Block-least squares cancellation

One simple but powerful way to achieve crosstalk cancellation is the so-called 'Block Least Squares' techniqe described in (Woudenberg et al. 1999). Solving for the minimum-squared-error linear predictor of signal Y using signal X gives an expression for an FIR coupling filter that is the inverse of a Toeplits autcorrelation matrix for X multiplied by the cross-correlation between X and Y. The number of lag values for which the auto and cross-correlations are calculated determines the length of the estimated filter. Over the time window used in the calculation of the correlations (which can be very much larger than the number of lag values sampled), the resulting filter can optimally reduces the energy of Y by subtracting the filtered version of X, just as we wish to do.

However, the filter so estimated will contain artefacts if there is energy present in the target mic that has a chance correlation with the reference channel. To some extent, this is made unlikely by estimating the cancellation over a long time frame; however it can still occur. In this case, the filter is able to 'reuse' some of the energy from X to cancel out energy in Y that is not in fact crosstalk, such as the local speaker's voice. This is of course undesirable. Typically, some kind of parameter 'freezing' is applied when significant energy from the local source is detected to avoid this effect.

In general, basing the estimate of the coupling filter on a longer sample of the target and reference channels will result in a more accurate estimate - but only if the coupling is constant over that sample. If the coupling can change with time, the estimation time window needs to be a compromise between long duration (for an accurate estimate) and short duration (to ensure that the filter is regularly updated to track its changing property, and because the estimate of a single filter to account for coupling that varies with time will not achieve high cancellation). Unfortunately, the meeting recorder scenario results in highly variable cross-talk coupling: whenever participants move their heads, both the nature of the signals of their own voices as picked up by other microphones, but most dramatically the pickup of their own head-mounted mic of the other speakers, can change significantly. A brief consideration of the behavior in meetings suggests that people very often turn to face someone just after they begin to speak - i.e. just at the time we would want to be estimating the coupling of that voice to the now-moving microphone. Thus, we expect the cancellation problem to be challenging.

Results

The examples below are drawn from the meeting of 2000-11-02-1440. From t=17 min in that meeting there is a period of high overlap that was selected by Thilo as a standard test set for overlap-handling techniques. First, we attempt to cancel one speaker from the lapel mic:

Audio: close (chan 3) - lapel (chan 0) - prediction 3»0 - residual (dynamic pred) - residual (static pred)

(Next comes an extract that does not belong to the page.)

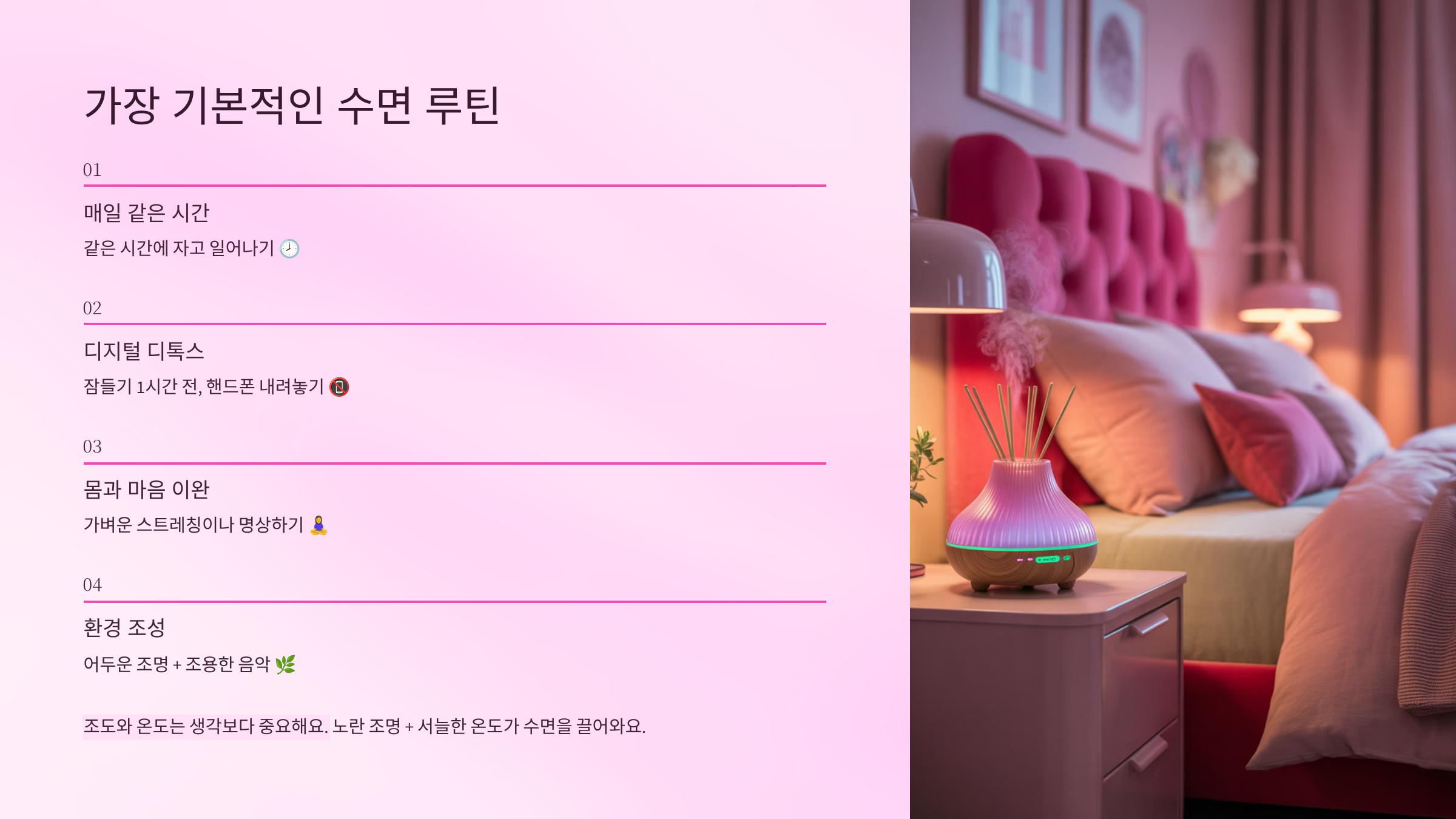 수면 루틴, 거창할 필요 없어요. 진짜 중요한 건 '반복'과 '의식 전환'이에요. "나는 이젠 푹 잘 수 있다"는 믿음이 잠을 더 부드럽게 끌어오더라구요.

The top pane shows the clean 'reference' signal, from the head-mounted mic on the active speaker. The second pane is the original lapel mic signal, in which the cross-talk is clearly audible. The third panel is the result of block-adaptive echo cancellation, where the filter is being re-estimated every 0.25 s (with a little bit of temporal smoothing). The bottom pane shows the result of cancellation using a static filter, formed as the average filter over the 38 frames in the previous pane. Notice how the phrase starting just after t=2s bleeds through a little in the 3rd pane for a few 10s of ms until it is cancelled in the next block. It seems there was a change in the coupling at that time with either source or listener moving. The average filter does slightly worse at cancelling over all (since it is a compromise), but manages to avoid this little blip. (Click on any pane to hear the signal. The lower three have been boosted by 20dB to be more comparable to the reference. All signals have been pre-emphasized by [1 -0.95], so sound very 'trebly'.)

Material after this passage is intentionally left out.